───── EXERCISE INPUTS ─────
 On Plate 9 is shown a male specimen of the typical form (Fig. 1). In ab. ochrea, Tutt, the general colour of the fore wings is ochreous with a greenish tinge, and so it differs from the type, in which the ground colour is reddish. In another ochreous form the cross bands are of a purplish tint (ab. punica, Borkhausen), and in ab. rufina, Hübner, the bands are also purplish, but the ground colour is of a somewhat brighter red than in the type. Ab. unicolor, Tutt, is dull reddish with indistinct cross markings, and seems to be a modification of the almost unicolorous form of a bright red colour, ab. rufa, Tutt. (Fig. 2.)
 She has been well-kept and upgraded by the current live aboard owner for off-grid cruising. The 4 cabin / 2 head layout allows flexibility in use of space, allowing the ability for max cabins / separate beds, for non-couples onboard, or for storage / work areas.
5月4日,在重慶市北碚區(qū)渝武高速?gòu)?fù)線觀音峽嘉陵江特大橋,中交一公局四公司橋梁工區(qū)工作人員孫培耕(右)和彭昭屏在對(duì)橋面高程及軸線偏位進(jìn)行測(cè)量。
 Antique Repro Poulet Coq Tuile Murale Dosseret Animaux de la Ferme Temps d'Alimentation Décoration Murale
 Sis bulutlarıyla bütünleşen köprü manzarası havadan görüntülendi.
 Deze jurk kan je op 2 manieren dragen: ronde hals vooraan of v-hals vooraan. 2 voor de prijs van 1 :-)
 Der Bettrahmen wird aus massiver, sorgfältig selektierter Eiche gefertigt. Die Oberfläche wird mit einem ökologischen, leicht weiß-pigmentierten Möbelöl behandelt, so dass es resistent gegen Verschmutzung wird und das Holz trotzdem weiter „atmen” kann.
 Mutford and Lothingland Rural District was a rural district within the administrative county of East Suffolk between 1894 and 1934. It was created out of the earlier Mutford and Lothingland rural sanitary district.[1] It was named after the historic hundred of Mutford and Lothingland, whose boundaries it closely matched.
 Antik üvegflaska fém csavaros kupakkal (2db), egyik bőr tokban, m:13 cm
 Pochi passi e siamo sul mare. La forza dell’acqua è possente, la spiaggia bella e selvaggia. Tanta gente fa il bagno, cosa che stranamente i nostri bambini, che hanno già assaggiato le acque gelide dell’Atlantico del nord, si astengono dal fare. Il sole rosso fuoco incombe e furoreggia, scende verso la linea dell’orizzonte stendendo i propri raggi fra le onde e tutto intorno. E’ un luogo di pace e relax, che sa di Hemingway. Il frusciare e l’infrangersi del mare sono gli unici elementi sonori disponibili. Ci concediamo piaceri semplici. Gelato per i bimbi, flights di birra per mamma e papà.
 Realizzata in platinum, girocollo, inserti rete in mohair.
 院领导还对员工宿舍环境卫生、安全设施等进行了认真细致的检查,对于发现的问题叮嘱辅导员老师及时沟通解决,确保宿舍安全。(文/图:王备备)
─────
• ASSIGNMENT:
Everything above from the line containing "Antique Repro Poulet" down to the line containing "Antik üvegflaska fém" should be copied exactly, both end lines included, and nothing else.

• ANSWER FOR THIS EXERCISE:
 Antique Repro Poulet Coq Tuile Murale Dosseret Animaux de la Ferme Temps d'Alimentation Décoration Murale
 Sis bulutlarıyla bütünleşen köprü manzarası havadan görüntülendi.
 Deze jurk kan je op 2 manieren dragen: ronde hals vooraan of v-hals vooraan. 2 voor de prijs van 1 :-)
 Der Bettrahmen wird aus massiver, sorgfältig selektierter Eiche gefertigt. Die Oberfläche wird mit einem ökologischen, leicht weiß-pigmentierten Möbelöl behandelt, so dass es resistent gegen Verschmutzung wird und das Holz trotzdem weiter „atmen” kann.
 Mutford and Lothingland Rural District was a rural district within the administrative county of East Suffolk between 1894 and 1934. It was created out of the earlier Mutford and Lothingland rural sanitary district.[1] It was named after the historic hundred of Mutford and Lothingland, whose boundaries it closely matched.
 Antik üvegflaska fém csavaros kupakkal (2db), egyik bőr tokban, m:13 cm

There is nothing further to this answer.